If the telecommunication providers that assisted with the Terrorist Surveillance Program instead had refused to co-operate because the requests from the Government were not accompanied by FISA warrants, and if the President had seized operation of these telecommunication providers because litigation would have been too cumbersome in relation to the surveillance needs, the President soon would have found himself being slapped upside the head in Federal Court by these telecommunication providers.

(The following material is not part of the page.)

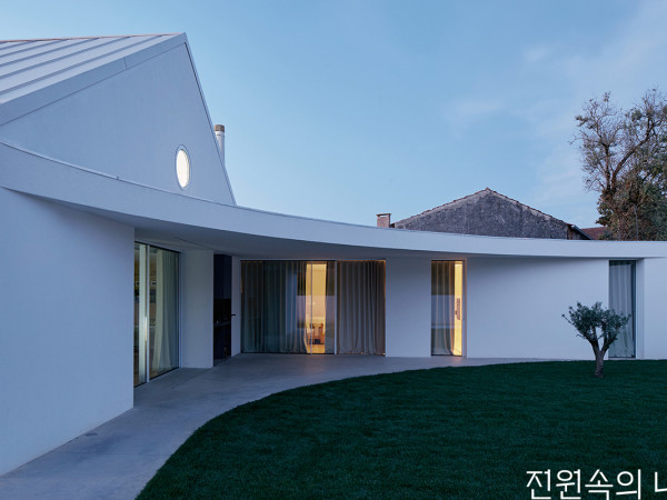 포르투갈의 앙시옹이라는 유서 깊은 도시와조화를 이루며 인체의 황금비율을 근간으로 지어진처마 깊은 집을 소개한다.건축가 브루노 루카스 디아스(Bruno Lucas Dias)가 설계한 이 주택은 포르투갈의 유서 깊은 도시, 앙시옹(Ansião)에 위치한다. 앙시옹은 역사가 오래된 만큼 낡기도 낡아 지역 개발의 과제를 안고 있는 도시다.그러나 건축가는 도시를 완전히 새로운 모습으로 탈바꿈할 파격적인 주택보다는 기존 주택들과 잘 어우러져 공생할 수 있는 주택을 짓고자 했다. 옛 마을을 향한 존중의 마음이었다. 우선 주택이 새로 지어질 대지 옆에는 다른 건축물이 벽을 맞대고 바로 인접해 있어서 프라이버시가 무척 중요했다. 따라서 담장을 높이되 그 안에는 하늘을 향해 활짝 열려 있는 넓은 마당을 둥그런 형태로 조성해 아늑함과 개방감을 동시에 주었다.이로써 안쪽 마당은 집의 모든 구역을 끌어당기는 핵심 요소가 되었다. 건축가가 중요하게 생각하는 인체의 황금비율 역시 이 주택을 지을 때 많은 영감을 주었다. 황금비율의 가장 명백하고도 주목할 만한 실례는 인체이고, 인간 존재야말로 주택의 핵심 요소인 까닭이다.박공지붕과 3개의 창, 1개의 현관문만 보이는 외부에서는 이 주택의 안쪽이 둥근 마당과 하나의 긴 처마로 이뤄져 있다는 사실을 알기 힘들다는 점이 재미있는 반전 요소다.PROJECT INFOProject ≫ February 2015 - March 2016Location ≫ Rua Doutor Domingos Botelho de Queirós, AnsiãoArea ≫ 487m²Architecture FIRM ≫ Bruno Dias Arquitectura, bd@brunodiasarquitectura.ptProject Team ≫ Bruno Lucas Dias, Humberto Lopes, Joana Zuna, Eugénia GomesBuilding Company ≫ Pireslar - Construção Lda. , Carlos Miguel Mendes da Silva Photography ≫ Hugo Santos SilvaCONTENTS COLLABORATION ≫ NemoFactory(Korea) www.nemofactory.net실내에는 따뜻한 색상과 소재를 적용해 공간적 편안함을 선사한다. 건축주가 기존에 살던 옛집과 유사한 인테리어 요소들을 이 주택에도 적용해 새로운 집에서도 안정된 생활방식을 유지할 수 있도록 도왔다. 특히 주방과 아이 방의 수납장, 복도 바닥 등에 목재를 사용해 차분한 분위기를 더했다.복도를 따라 모든 공간이 하나로 이어져 있고 실내 어느 공간에서나 마당을 바라볼 수 있게끔 설계된 점도 이 주택의 흥미로운 요소 중 하나다. 마당 한편에는 수영장을 설치해 가족들의 야외 활동을 지원한다. 깊은 처마 밑에는 의자를 두는 등 테라스로 활용하게끔 설계됐다.건축가 Bruno Lucas Dias_Bruno Dias ArquitecturaBruno Lucas Dias가 설립한 건축사사무소는 포르투갈 앙시옹 Dr. Vítor Faveiro 거리에 위치한다. 주택뿐 아니라 소방서, 교회, 상업공간 등을 설계하며 분야를 넘나드는 포트폴리오를 보유하고 있다. 곡선과 직선을 자유자재로 활용하며 자신만의 철학이 담긴 건축물들을 선보인다. 다수의 건축 콘테스트, 강연 등에도 참여하며 활발하게 활동하고 있다.취재_오수현| 사진_Hugo Santos Silvaⓒ 월간 전원속의 내집 / Vol.279 www.uujj.co.kr월간 <전원속의 내집>의 기사 저작권은 (주)주택문화사에 있습니다. 무단전재, 복사, 배포는 저작권법에 위배되오니 자제해주시기 바랍니다.

Official and unofficial spokespersons for the Bush Administration have issued dire warnings that the telecommunication providers that assisted with the Terrorist Surveillance Program will not be willing to co-operate with legal electronic surveillance if these telecommunication providers are not granted immunity from approximately 40 lawsuits that have been filed against them. To help simplify the simple-minded argument advanced by defenders of the Terrorist Surveillance Program, we (through our elected representatives in Congress) are being requested to grant retroactive legal and financial immunity to the telecommunication providers for illegal activity in which they may have engaged by assisting with the Terrorist Surveillance Program, and in return these telecommunication providers will agree to honor legal court-ordered warrants. But, heaven forfend, if retroactive legal immunity is not granted for illegal activity in which the telecommunication providers may have engaged by assisting with the Terrorist Surveillance Program, there is a veiled threat that these telecommunication providers will engage in additional illegal activity by refusing to honor legal court-ordered warrants. Now that certainly sounds reasonable. But seriously folks, the Bush Administration is primarily concerned with preventing the public and potential plaintiffs from discovering the extent of the illegal activity in which Bush Administration officials were engaged, and this yeoman effort to provide immunity for the telecommunication providers that assisted with the Terrorist Surveillance Program is just the Bush Administration’s method of enlisting Congress in the obstruction of justice.